TitleDevelopment of polyglucosan inclusions in skeletal muscle.
Publication TypeJournal Article
Year of Publication2006
AuthorsValentine BA, Cooper BJ
JournalNeuromuscular disorders : NMD
Volume16
Issue9-10
Pagination603-7
Date Published2006 Oct
ISSN0960-8966
KeywordsAmylases, Animals, Glucans, Glycogen, Glycogen Storage Disease, Horse Diseases, Horses, Immunohistochemistry, Inclusion Bodies, Muscle Fibers, Skeletal, Muscle, Skeletal, Muscular Diseases, Periodic Acid-Schiff Reaction, Species Specificity, Ubiquitin
Abstract

Muscle samples from 24 horses with polysaccharide storage myopathy were stained with periodic acid-Schiff (PAS) stain and were immunostained for ubiquitin.

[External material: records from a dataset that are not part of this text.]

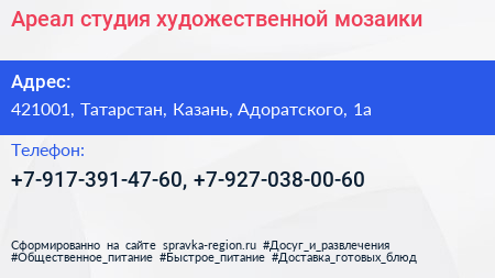 Ареал, студия художественной мозаики по адресу 421001, Татарстан, Казань, Адоратского, 1а в дальнейшем Организация, размещена в следующих категориях: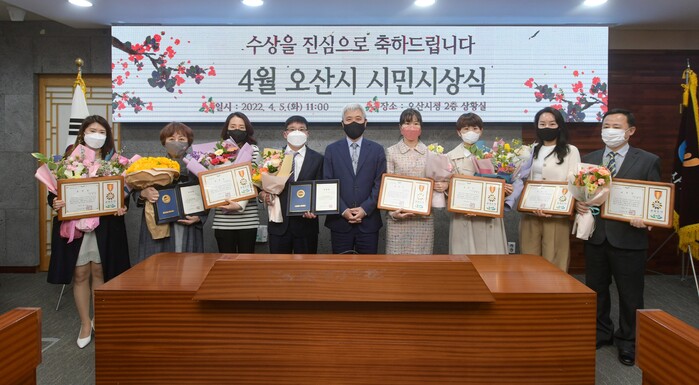 오산시(시장 곽상욱)는 5일 화요일, 오산시청 상황실에서 2022년 4월 오산시 시민시상식을 개최했다.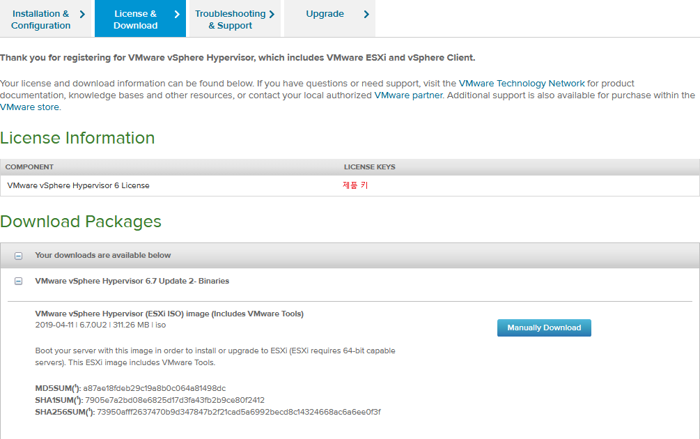 아래 화면의 최신은 ESXi Update 2인데 현재 최신 버전은 ESXi 6.7 Update 3입니다.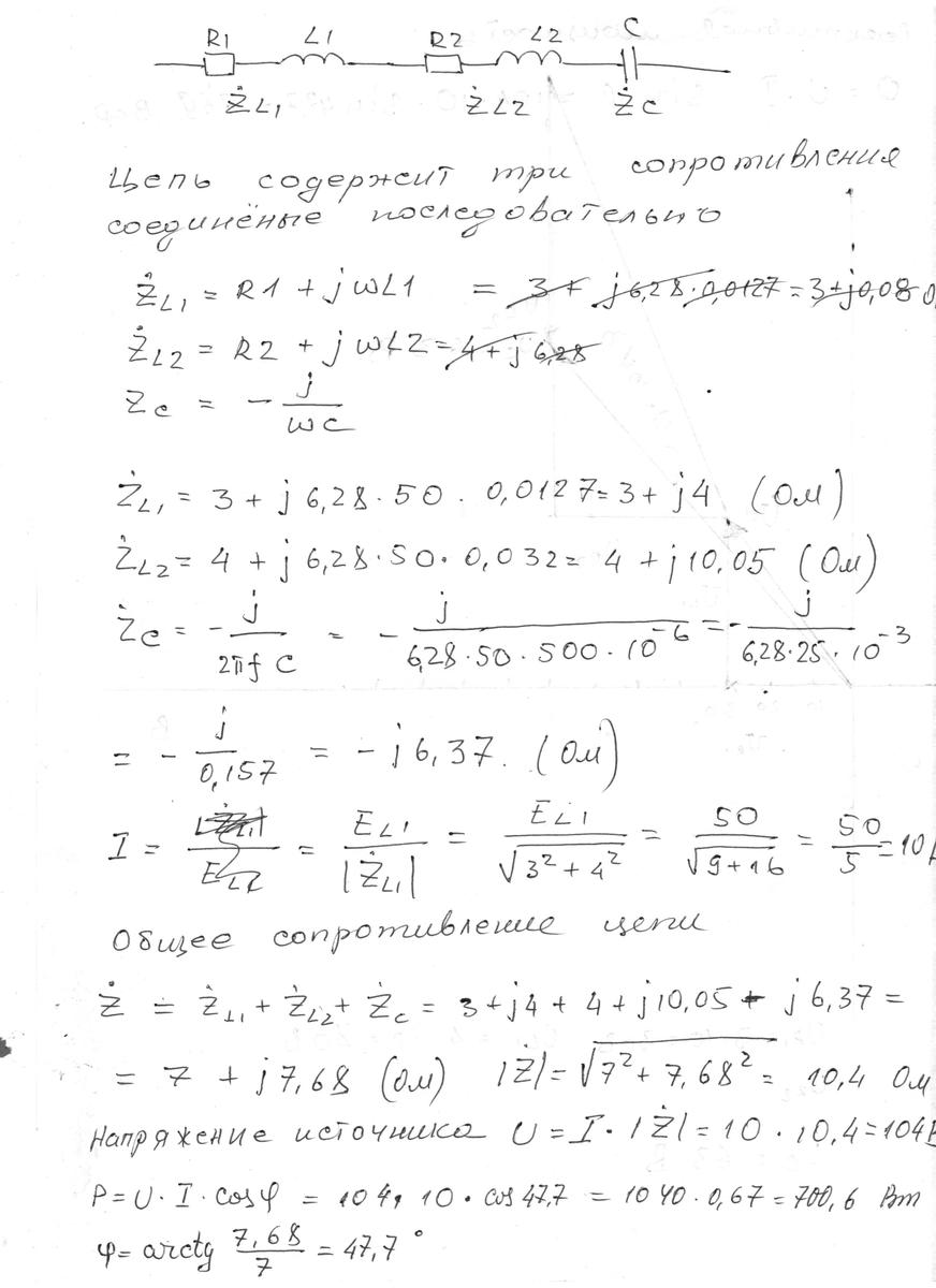 В емкость синусоидального переменного тока (рис. 5) включены последовательно две катушки и емкость. Параметры катушек и емкости известны: r1, L1, r2, L2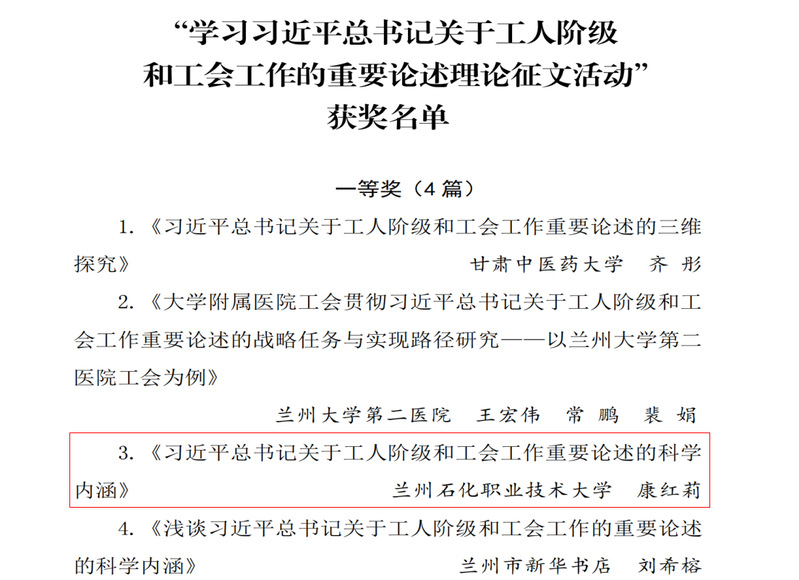 近日,甘肃省教科文卫工会委员会公布了“学习习近平总书记关于工人阶级和工会工作的重要论述理论征文活动”评选结果的通报。此次征文在活动期间共收到基层工会上报文章65篇,经专家评委评审、按照省总工会有关规定,共评审出一等奖4名、二等奖6名、三等奖10名。其中,我校yl6776永利集团康红莉老师撰写的《习近平总书记关于工人阶级和工会工作重要论述的科学内涵》一文,在此次征文活动中荣获一等奖。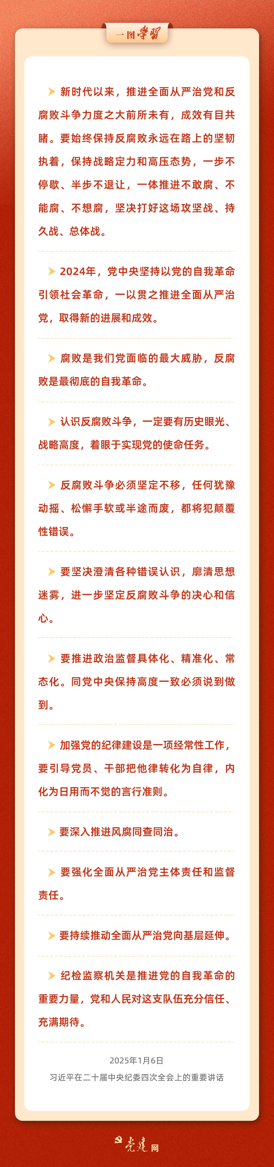 1月6日,習近平總書記在二十屆中央紀委四次全會上發(fā)表重要講話,強調(diào)堅持用改革精神和嚴的標準管黨治黨,堅決打好反腐敗斗爭攻堅戰(zhàn)持久戰(zhàn)總體戰(zhàn)。總書記的重要講話高瞻遠矚、思想深邃、直面問題、振聾發(fā)聵,為深入推進全面從嚴治黨和反腐敗斗爭提供了重要遵循。以下是習近平總書記在二十屆中央紀委四次全會上的重要講話要點梳理,供您學習。

Abnormalities detected with PAS stain were coarse granular cytoplasmic aggregates of amylase sensitive glycogen, subsarcolemmal aggregates of glycogen, central amylase sensitive bodies, and a variety of subsarcolemmal to intracytoplasmic amylase resistant polyglucosan inclusions. All amylase resistant inclusions were positive for ubiquitin. Ubiquitin was also detected in many amylase sensitive inclusions. Based on morphologic findings and pattern of ubiquitin staining, a sequence of events, beginning with abnormal glycogen storage followed by ubiquitination and eventual development of amylase resistance, is proposed.

Alternate JournalNeuromuscul. Disord.